[[ Extracted data, beginning ]]
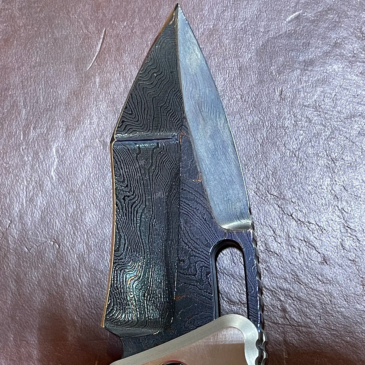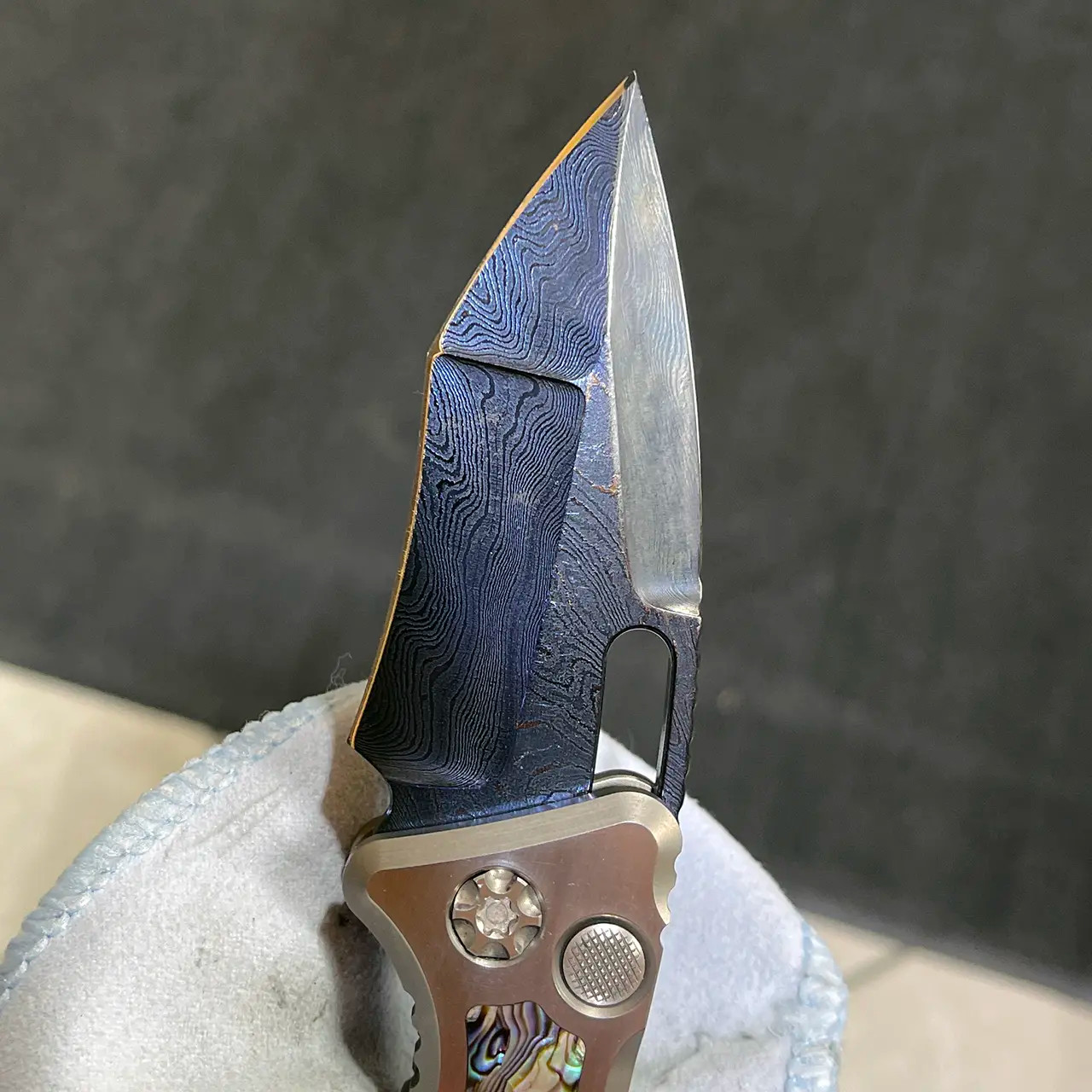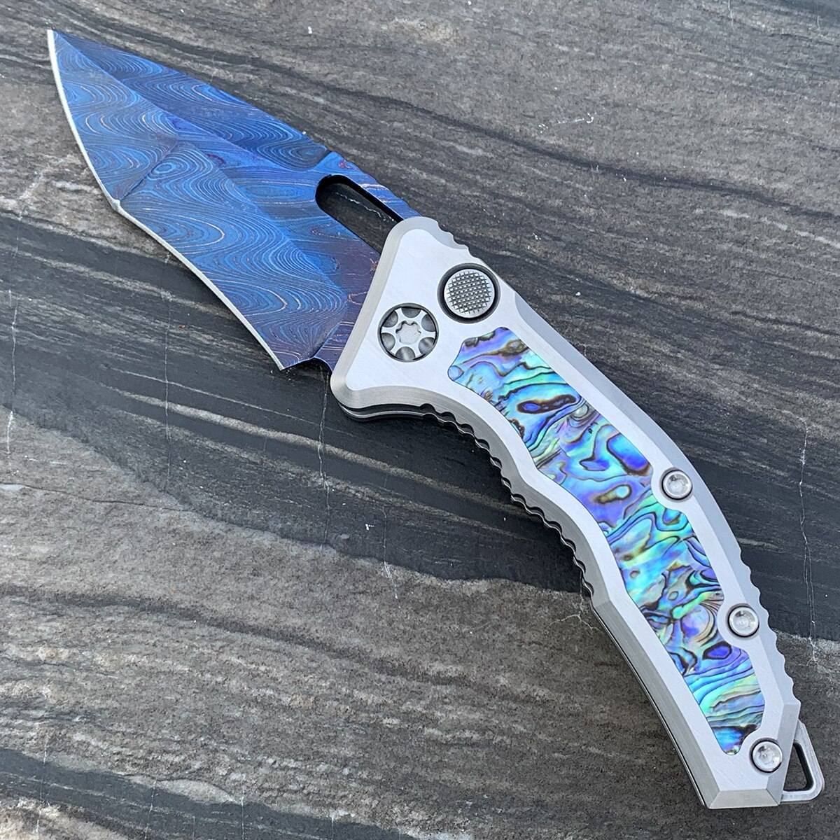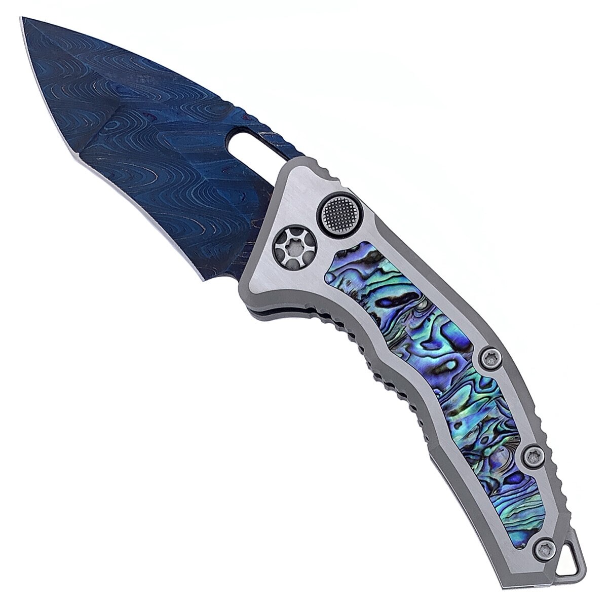 Heretic Knives Custom Medusa Auto Recurve Hand Satin Titanium w/ Abalone Handle Hand Ground Blued Damascus Blade (Pre-Owned)
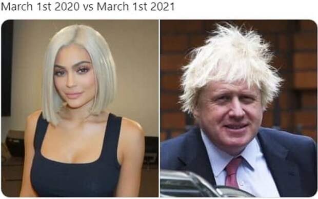 Спустя 12 месяцев после начала первых ограничений в сети стали появляться различные мемы, посвященные годовщине пандемии Covid-19. Большинство авторов шуток выбирают различных актеров или популярных персонажей поп-культуры: на левой картинке персонаж изображен молодым, а на правой — уставшим, постаревшим.
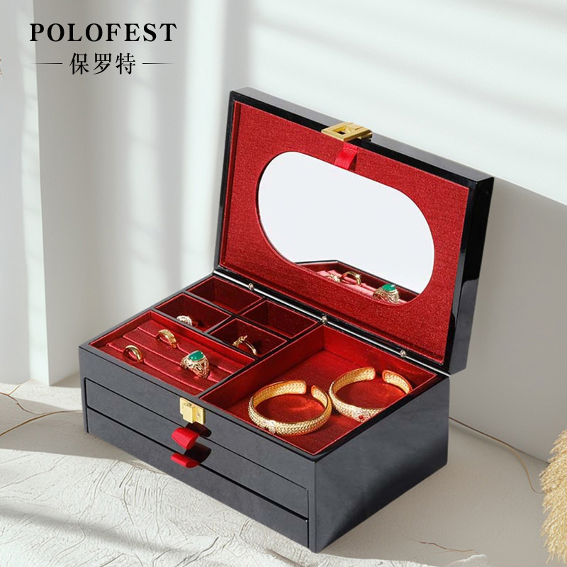 POLOFEST黃金首飾收納盒高檔輕松國風鋼琴烤漆實木翡翠珠寶首飾箱
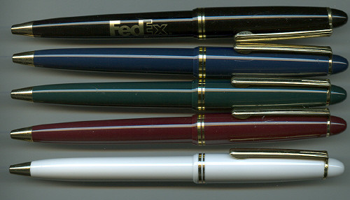 Loading... Please wait...Executive style retractable click pen. 5 great colors. Brass trim. Quality look at an affordable price. Medium point black ink refill. Imprint area 1 1/2" x 1/2".
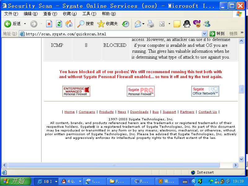 and without Sygate Personal Firewall enabled... so turn it off and try the test again
[[ Extracted data, end ]]
◆ Task goal
Each line above should be written out again exactly, without any image.

◆ Written response
 Heretic Knives Custom Medusa Auto Recurve Hand Satin Titanium w/ Abalone Handle Hand Ground Blued Damascus Blade (Pre-Owned)
 Спустя 12 месяцев после начала первых ограничений в сети стали появляться различные мемы, посвященные годовщине пандемии Covid-19. Большинство авторов шуток выбирают различных актеров или популярных персонажей поп-культуры: на левой картинке персонаж изображен молодым, а на правой — уставшим, постаревшим.
 POLOFEST黃金首飾收納盒高檔輕松國風鋼琴烤漆實木翡翠珠寶首飾箱
 Loading... Please wait...Executive style retractable click pen. 5 great colors. Brass trim. Quality look at an affordable price. Medium point black ink refill. Imprint area 1 1/2" x 1/2".
 and without Sygate Personal Firewall enabled... so turn it off and try the test again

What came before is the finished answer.